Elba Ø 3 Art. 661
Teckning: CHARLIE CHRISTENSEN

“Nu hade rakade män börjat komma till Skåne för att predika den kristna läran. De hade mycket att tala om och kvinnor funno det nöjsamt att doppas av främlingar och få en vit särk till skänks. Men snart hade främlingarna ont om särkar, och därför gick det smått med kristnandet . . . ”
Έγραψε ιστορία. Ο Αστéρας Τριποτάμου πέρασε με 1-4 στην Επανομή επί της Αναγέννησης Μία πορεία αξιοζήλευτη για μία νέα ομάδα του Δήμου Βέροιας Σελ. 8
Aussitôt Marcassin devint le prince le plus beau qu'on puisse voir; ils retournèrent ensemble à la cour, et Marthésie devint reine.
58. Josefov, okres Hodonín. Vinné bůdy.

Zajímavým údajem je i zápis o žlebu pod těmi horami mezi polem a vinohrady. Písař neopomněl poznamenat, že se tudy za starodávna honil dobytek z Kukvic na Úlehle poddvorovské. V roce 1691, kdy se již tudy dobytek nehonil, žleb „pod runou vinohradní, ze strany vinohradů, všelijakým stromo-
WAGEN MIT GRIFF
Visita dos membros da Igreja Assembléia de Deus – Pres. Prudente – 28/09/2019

--

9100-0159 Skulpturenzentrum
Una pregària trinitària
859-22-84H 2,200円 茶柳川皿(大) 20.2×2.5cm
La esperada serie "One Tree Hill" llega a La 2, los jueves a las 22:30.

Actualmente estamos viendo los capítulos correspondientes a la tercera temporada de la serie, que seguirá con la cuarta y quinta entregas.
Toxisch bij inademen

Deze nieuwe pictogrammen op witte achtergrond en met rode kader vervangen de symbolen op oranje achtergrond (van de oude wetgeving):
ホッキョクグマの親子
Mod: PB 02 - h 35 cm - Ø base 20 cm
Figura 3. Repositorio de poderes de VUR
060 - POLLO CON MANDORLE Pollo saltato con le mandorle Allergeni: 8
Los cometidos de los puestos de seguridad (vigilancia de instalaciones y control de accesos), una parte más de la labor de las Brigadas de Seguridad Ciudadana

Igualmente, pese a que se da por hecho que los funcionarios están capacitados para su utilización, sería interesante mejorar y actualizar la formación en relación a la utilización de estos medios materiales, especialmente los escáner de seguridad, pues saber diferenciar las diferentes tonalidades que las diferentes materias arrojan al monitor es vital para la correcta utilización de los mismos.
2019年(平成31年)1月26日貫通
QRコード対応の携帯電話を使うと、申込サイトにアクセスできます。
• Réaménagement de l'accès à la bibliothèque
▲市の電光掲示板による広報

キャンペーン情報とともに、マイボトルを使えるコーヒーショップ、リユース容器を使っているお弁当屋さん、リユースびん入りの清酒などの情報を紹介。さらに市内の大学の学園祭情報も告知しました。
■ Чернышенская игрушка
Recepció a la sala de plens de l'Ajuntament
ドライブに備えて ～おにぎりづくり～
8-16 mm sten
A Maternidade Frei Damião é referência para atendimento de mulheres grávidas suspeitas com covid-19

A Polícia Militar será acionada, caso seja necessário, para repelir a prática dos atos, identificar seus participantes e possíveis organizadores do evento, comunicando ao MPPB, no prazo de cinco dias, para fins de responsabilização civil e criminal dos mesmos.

Task instructions →
From the data above, output only the lines between the line containing "9100-0159 Skulpturenzentrum" and the line containing "Los cometidos de", inclusive, exactly as written.

Result below →
9100-0159 Skulpturenzentrum
Una pregària trinitària
859-22-84H 2,200円 茶柳川皿(大) 20.2×2.5cm
La esperada serie "One Tree Hill" llega a La 2, los jueves a las 22:30.

Actualmente estamos viendo los capítulos correspondientes a la tercera temporada de la serie, que seguirá con la cuarta y quinta entregas.
Toxisch bij inademen

Deze nieuwe pictogrammen op witte achtergrond en met rode kader vervangen de symbolen op oranje achtergrond (van de oude wetgeving):
ホッキョクグマの親子
Mod: PB 02 - h 35 cm - Ø base 20 cm
Figura 3. Repositorio de poderes de VUR
060 - POLLO CON MANDORLE Pollo saltato con le mandorle Allergeni: 8
Los cometidos de los puestos de seguridad (vigilancia de instalaciones y control de accesos), una parte más de la labor de las Brigadas de Seguridad Ciudadana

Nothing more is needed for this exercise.